Крупные серебристо‑синие сливы покупали ведрами, мыли, ставили на стол в кухне и вынимали косточки. Какое удовольствие мне доставляло это занятие! Мама приходила на кухню только для того, чтобы удостовериться, достаточно ли положено сахара, хорошо ли сварено, хорош ли цвет. Готовое повидло хранили в больших глиняных сосудах — макотрах, сверху закрытых пергаментной бумагой, которая обвязывалась шпагатиком. Когда зимой открывали макотру, то вкус и аромат содержимого передать невозможно!

Касательно медицинского обслуживания, выражаясь современным языком, могу сказать, что в каждой семье нашего уровня был свой домашний врач.
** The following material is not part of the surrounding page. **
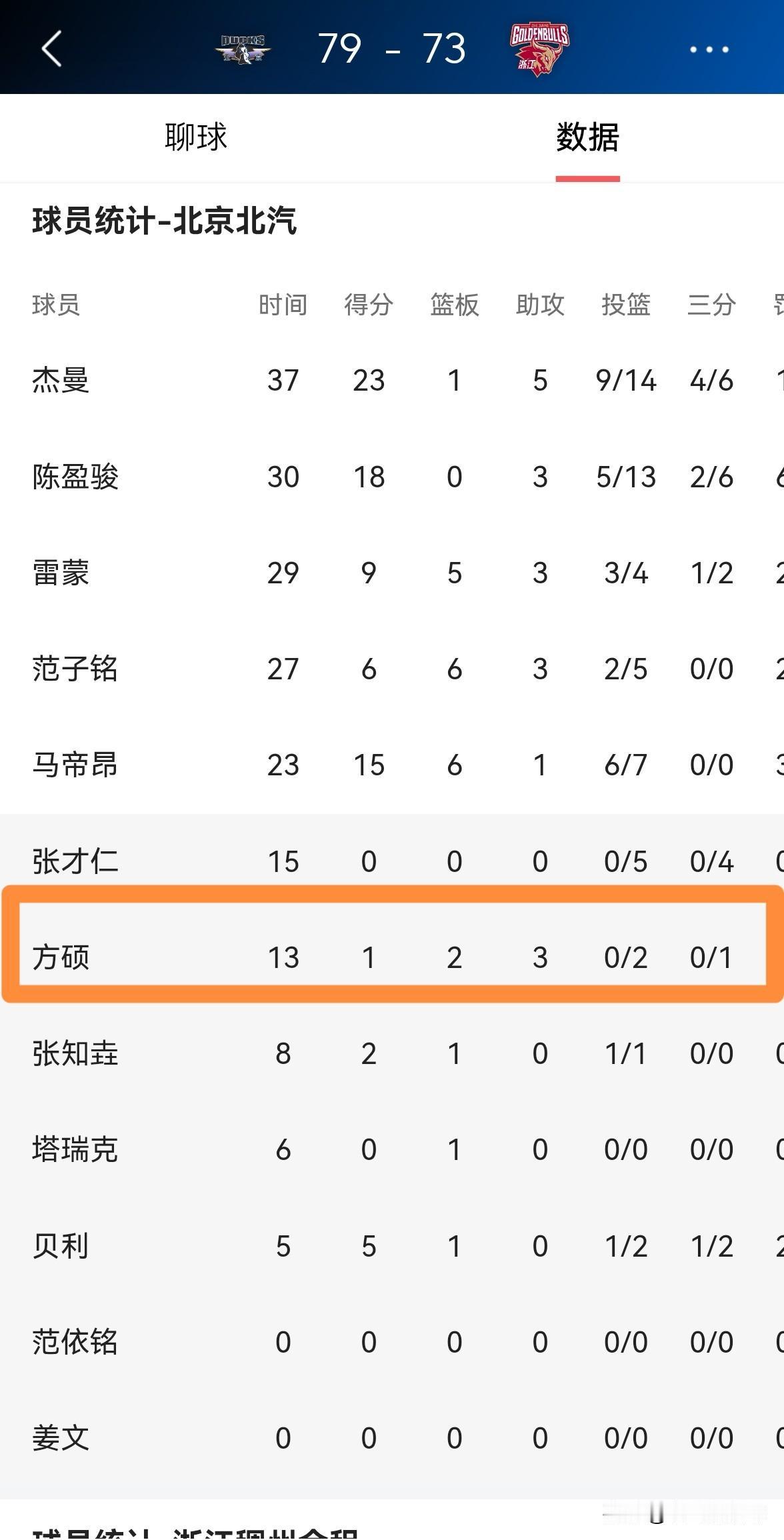 北京北汽老将方硕的拼搏精神真是太让人感动了!在今天北京北汽主场以79:73力克浙江稠州金租的比赛中,方硕怒摔保温杯,他在攻防两端都拼劲十足。全场比赛下来,方硕替补出战13分钟,投篮2中0,其中罚球2中1得到1分2篮板3助攻2抢断2盖帽,他的场上正负值为+11。 实事求是的说,本场比赛是方硕自本赛季开赛至今拼劲最强的一场比赛,看得我热泪盈眶。

Нашу семью пользовал старый опытный фельдшер по фамилии Сула. Я была уверена, что его зовут Фельдшерсула.

Главными лекарствами были касторка, чай с малиной, полоскание горла борной кислотой. От «нервов» лечили бромом и валерианой. Вероятно, в городе были платные лечебницы и городские больницы для бедных, но об этом я ничего сказать не могу. Рожали дома, приглашалась акушерка, а если нужно было, то и врач. Родильницу долго держали в постели, кормили куриным бульоном. Младенца пеленали, заворачивали в свивальник, иногда брали кормилицу. Мать наша кормила детей сама.
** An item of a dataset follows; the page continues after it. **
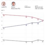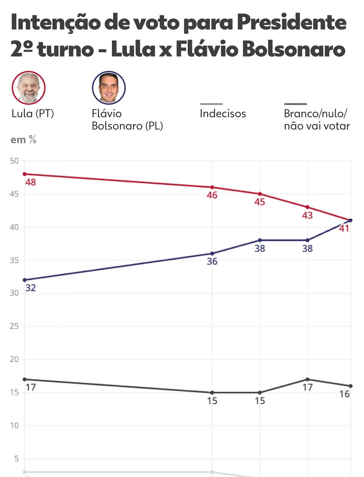 Na pesquisa divulgada em março, Lula e Flávio Bolsonaro apareceram empatados no segundo turno, ambos com 41% das intenções de voto.
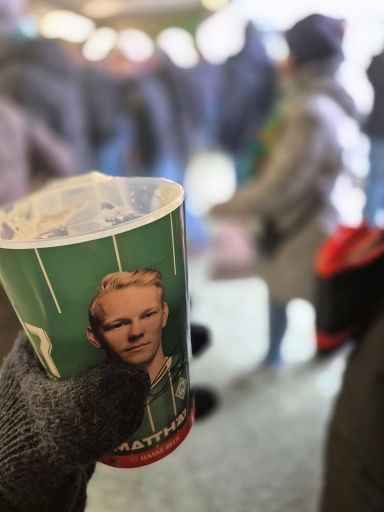 Bremen ist eine Norddeutsche Hansestadt an der Weser und Hauptstadt des Bundesland Bremens – dort wohnen rund 587.000 Einwohner*innen. Werder Bremen hatte schon große Erfolgszeiten, zuletzt pendelte man aber zwischen der 1 und 2. Bundesliga. Das Weserstadion liegt direkt an der Weser im Ortsteil Peterswerder. Nach verschiedenen Umbauten wurde das Stadion zuletzt in der Saison 2011/12 modernisiert. Das Stadion liegt direkt am Rande eines Wohngebiets und das Vorglühen findet direkt zwischen Häuserzeilen statt – hat uns super gefallen und einen sehr englischen Stil. Vielen Dank auch für die Dauerkarten an dem Spieltag! Leider beschränkten wir aufgrund des Windes und der nassen Kälte den Besuch auf maximal kurz davor und danach – es war aber auch wirklich eisig kalt, mit Temperaturen unter dem Gefrierpunkt. Haake Beck wurde natürlich trotzdem probiert und für gut befunden. Bisschen schlecht gelöst wurde, dass man im Innenraum zwar den Fanshop sehen kann – aber nicht reingehen kann. So wurde der Fanschal leider erst nach dem Spiel erworben. Absolutes Highlight neben dem Sichten von Ailton auf der Tribüne – war das absolute Fiebertraumhalbzeitspiel. Zwei Biermaskottchen (Eine Bierflasche Haake Beck und eine Bierflasche Becks) treten gegeneinander in einem wechselnden Spiel an. Wow, völlig bescheuert – aber tolle Halbzeitunterhaltung. Spielerisch trafen hier Not auf Elend – so kam es passenderweise auch zu einem Unentschieden. Es war spielerisch wirklich absolut nichts, von beiden Mannschaften. Fantechnisch haben mich jetzt beide Lager auch nicht umgerissen. Hätte mir vor allem von den Bremen Ultras etwas mehr erwartet. Danach ging es mit Straßenbahnen wieder ins Zentrum – wenn alle 2 Minuten eine Sonderstraßenbahn fährt, wäre es vielleicht wirklich genial nicht wie die letzten Arschlöcher einen von hinten in die Bahn reinzudrücken. In der Straßenbahn gab es dann noch jede Menge verbale Konflikte, die Fahrt war kurz – aber auch ultra Anstrengend. Am nächsten Tag wurde der Werder Bremen Trainer Horst Steffen entlassen. Gegessen haben wir danach in der Markthalle Bremen, den kulinarischen Tipp (man bekommt einfach fast alles darin) möchte ich euch noch mitgeben.

Умирали от разрыва сердца, от чахотки, воспаления легких, родильной горячки. Потом появилась инфлюэнца, в 1918 году я помню «испанку». Вообще, спектр болезней был не столь обширен, лекарства проще, но, как мне кажется, больных было меньше.
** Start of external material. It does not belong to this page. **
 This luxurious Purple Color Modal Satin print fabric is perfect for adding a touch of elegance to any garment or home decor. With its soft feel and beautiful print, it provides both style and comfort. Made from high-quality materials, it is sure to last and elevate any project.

В заключение этой главы приведу несколько цифр, сохранившихся в памяти со слов матери.

В начале своей служебной деятельности отец получал 1200, а позднее — 1500 рублей в год. На Пасху и Рождество полагались наградные, за вечерние занятия во время составления годового отчета выплачивалось дополнительное вознаграждение. Иногда вечерами отец работал дома, давал частные уроки.

Судя по тому, как настойчиво протестовал отец против заработков матери, что, по его мнению, принижало его роль как главы семьи, надо думать, что мама зарабатывала не меньше, чем он. Определить доходные статьи бюджета, выражаясь казенным языком, не могу. Никаких разговоров о долгах, займах и другом не помню. Должно быть, родители «протягивали ножки по одежке».

Обратимся к расходным статьям бюджета, да простят мне читатели столь суконный язык. Квартирная плата составляла 600 рублей в год. Кухарка получала 12 рублей в месяц, не считая обязательных подарков.

«Око» яиц на базаре стоило 3,5 копейки. («Око» — старинная украинская мера — 99 штук.) Фунт говядины — 4 копейки. Кухарке на закупку провизии в лавках и на базаре давали 2 рубля. На эти деньги она приносила полную корзину, за ней шел дворник и нес овощи и фрукты.

Деликатесы обычно покупал отец, заходя по пути со службы домой в гастрономические магазины. Ветчина, сыр, дунайские сельди, маслины, до которых мать была большая охотница, были завернуты в красивые пакетики и завязаны ленточкой.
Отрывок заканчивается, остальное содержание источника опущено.